Apache Spark: RDD Actions
Actions are RDD operations that produce non-RDD values. They materialize a value in a Spark program. In other words, a RDD operation that returns a value of any type but RDD[T] is an action.
1) Reduce
Spark RDD reduce function reduces the elements of this RDD using the specified commutative and associative binary operator.
Spark reduce operation is almost similar as reduce method in Scala. It is an action operation of RDD which means it will trigger all the lined up transformation on the base RDD (or in the DAG) which are not executed and than execute the action operation on the last RDD. This operation is also a wide operation. In the sense the execution of this operation results in distributing the data across the multiple partitions.
It accepts a function with (which accepts two arguments and returns a single element) which should be Commutative and Associative in mathematical nature. That intuitively means, this function produces same result when repetitively applied on same set of RDD data with multiple partitions irrespective of element’s order.
Important points to note are,
• reduce is an action operation in Spark hence it triggers execution of DAG and gets execute on final RDD
• It is a wide operation as it is shuffling data from multiple partitions and reduces to a single value
• It accepts a Commutative and Associative function as an argument
• The parameter function should have two arguments of the same data type
• The return type of the function also must be same as argument types
2) ReduceByKey
Spark RDD reduceByKey function merges the values for each key using an associative reduce function.
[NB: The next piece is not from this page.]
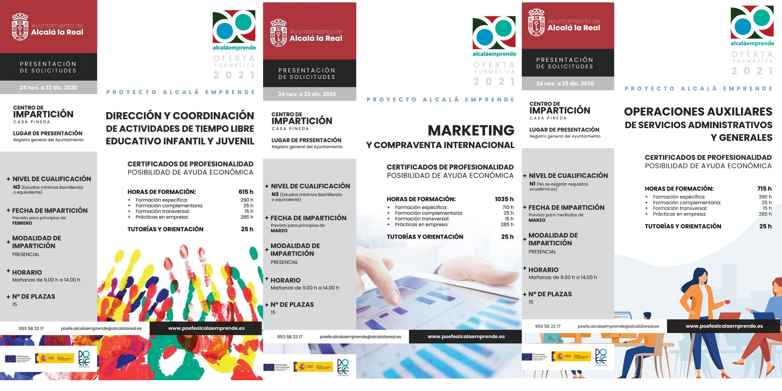 Las solicitudes se presentarán en el Registro general del Ayuntamiento hasta el 23 de diciembre de 2020. Para consultar más información, acceder la página www.poefealcalaemprende.es. También se puede contactar a través del correo poefe.alcalaemprende@alcalalareal.es o llamando al número 953-58 22 17.

Basically reduceByKey function works only for RDDs which contains key and value pairs kind of elements(i.e RDDs having tuple or Map as a data element). It is a transformation operation which means it is lazily evaluated. We need to pass one associative function as a parameter, which will be applied to the source RDD and will create a new RDD as with resulting values(i.e. key value pair). This operation is a wide operation as data shuffling may happen across the partitions.